Semiconductor photocatalysis technology has received increasing attention for their potential applications in water splitting, carbon dioxide reduction and environmental remediation.^1–3 For all semiconductor photocatalysts, TiO₂ is the most commonly used due to its efficient photocatalytic performance, high physical and chemical stability, as well as its low cost and nontoxicity.^4,5 However, the wide band gap of TiO₂ (E_g = 3.2 eV) causes its inactivity under visible light, which occupies the major part of solar light. Therefore, in order to overcome the limitation, many studies have focused on the modification of the surface or bulk properties of TiO₂ to improve the photocatalytic activity, such as self-doping or doping with nonmetal atoms C⁶ N⁷ and S;⁸ coupling with noble metals particles Ag,⁹ Pt¹⁰ and Pd;¹¹ combination with narrow band gap semiconductors CdS,¹² WO₃,¹³ AgVO₄ (ref. 14) and CdSe;¹⁵ and dye sensitization.¹⁶ Bismuth vanadate (BiVO₄) has recently become an attractive material as a promising photocatalyst for the splitting reaction of water into hydrogen and oxygen,^17–19 and for the degradation of organic pollutants.^20–22 There are three crystalline phases of BiVO₄: tetragonal zircon structure, tetragonal scheelite structure and monoclinic scheelite structure. Among them, the monoclinic scheelite structure BiVO₄ (m-BiVO₄) with narrow band gap (2.4 eV) has been reported to own excellent activity of organic pollutants degradation under visible light irradiation.^23–25 Nevertheless, the photocatalytic activity of m-BiVO₄ is usually not satisfied because photogenerated electron–hole pairs tend to decay rapidly by recombination. The low charge separation efficiency may be the main drawback restricting the practical application of BiVO₄. To solve the problem, loading noble metals^26,27 and coupling other semiconductors with a heterojunction structure are commonly used as the effective modification strategies. Many studies have focused on the BiVO₄-based composite photocatalysts, such as CuO/BiVO₄,^28–30 Bi₂O₃/BiVO₄,³¹ CeO_x/BiVO₄,³² WO₃/BiVO₄ (ref. 33) and BiVO₄/TiO₂.^34–37 These composites have been demonstrated to achieve higher photocatalytic activity under visible light than pure BiVO₄.

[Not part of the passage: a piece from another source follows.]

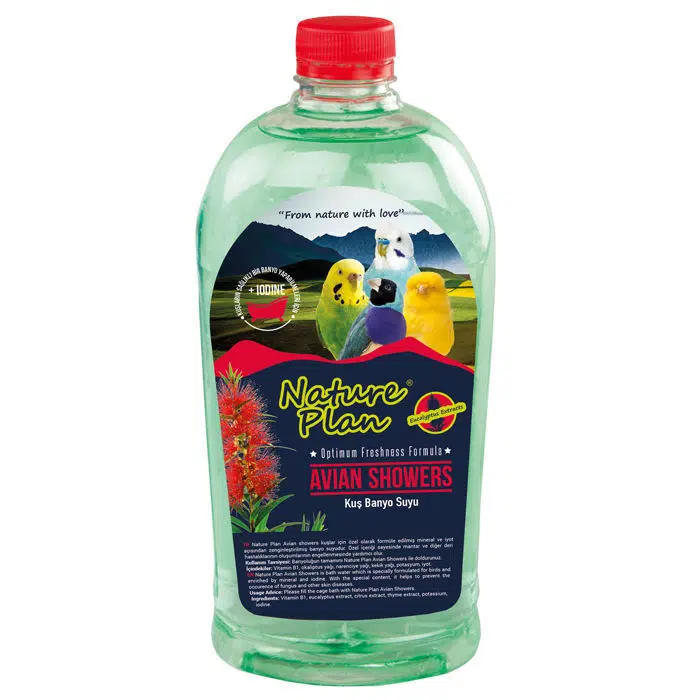 Nature Plan Avian showers kuşlar için özel olarak formüle edilmiş mineral ve iyot açısından zenginleştirilmiş banyo suyudur. Özel içeriği sayesinde mantar ve diğer deri hastalıklarının oluşumlarının engellenmesinde yardımcı olur.

Composite materials with a heterojunction structure have been investigated in photocatalysis and solar energy conversion, because the formation of heterojunction can significantly reduce the recombination and speed up the separation rate of photogenerated charge carriers as well as extend the wavelength range for visible light utilisation efficiently. As for the studies of BiVO₄/TiO₂ heterojunction photocatalysts, TiO₂ can be helpful to the rapid separation rate of electron–hole pairs in BiVO₄. Li et al.³⁴ first reported that BiVO₄/TiO₂ nanoheterostructure exhibited remarkable photocatalytic reactivity for the degradation of gaseous benzene under irradiation of various light sources with different wavelengths. They detected activated species (˙OH) by ESR, which was known to be attributed to the high activity. Tan et al.³⁵ fabricated TiO₂/BiVO₄ composite photocatalysts through the one-step microwave hydrothermal method. They showed that the anatase TiO₂ was dispersed on the surface of BiVO₄ by the EDS analysis and the TiO₂/BiVO₄ composites present much higher photocatalytic performance than pure BiVO₄ in the photodegradation reaction of rhodamine B under UV and simulated sun-light irradiation. In our previous studies, we had compared four different methods for synthesis of BiVO₄/TiO₂ photocatalytic nano-particles and evaluated the photocatalytic activities through the photodegradation of methylene blue under simulated sunlight irradiation.³⁶

However, the heterojunction between two semiconductors is constructed uncontrollably in these synthesis processes, which hinders the enhancement of photocatalytic performance. Because the formation of the effective heterojunction could accelerate the separation of electron–hole pairs, it is essential to rationally design layered heterojunction structures with improved photogenerated electron–hole separation to enhance the photocatalytic activity. As it is known that the photocatalysts with multilayer structure reveal high photocatalytic performance, for constructing multilayer structure could generate more effective heterojunction. The TiO₂/WO₃ (ref. 38) multilayer thin films heterostructure have been investigated and showed high photocatalytic activities under visible light irradiation. R. Dholam et al.³⁹ also demonstrated that Cr-doped-TiO₂ multilayer thin films exhibited higher hydrogen production rate through water-splitting with the enhanced photocurrent, which was attributed to higher absorption of visible light by Cr-doped-TiO₂ and the number of space charge ITO/TiO₂ interfaces in multilayer films. Herein, for the BiVO₄/TiO₂ composites, almost all the studies have been focused on synthesizing the granular structure composites for enhancing their photocatalytic activities, while the layered heterostructure structure of the composite has not yet been investigated extensively.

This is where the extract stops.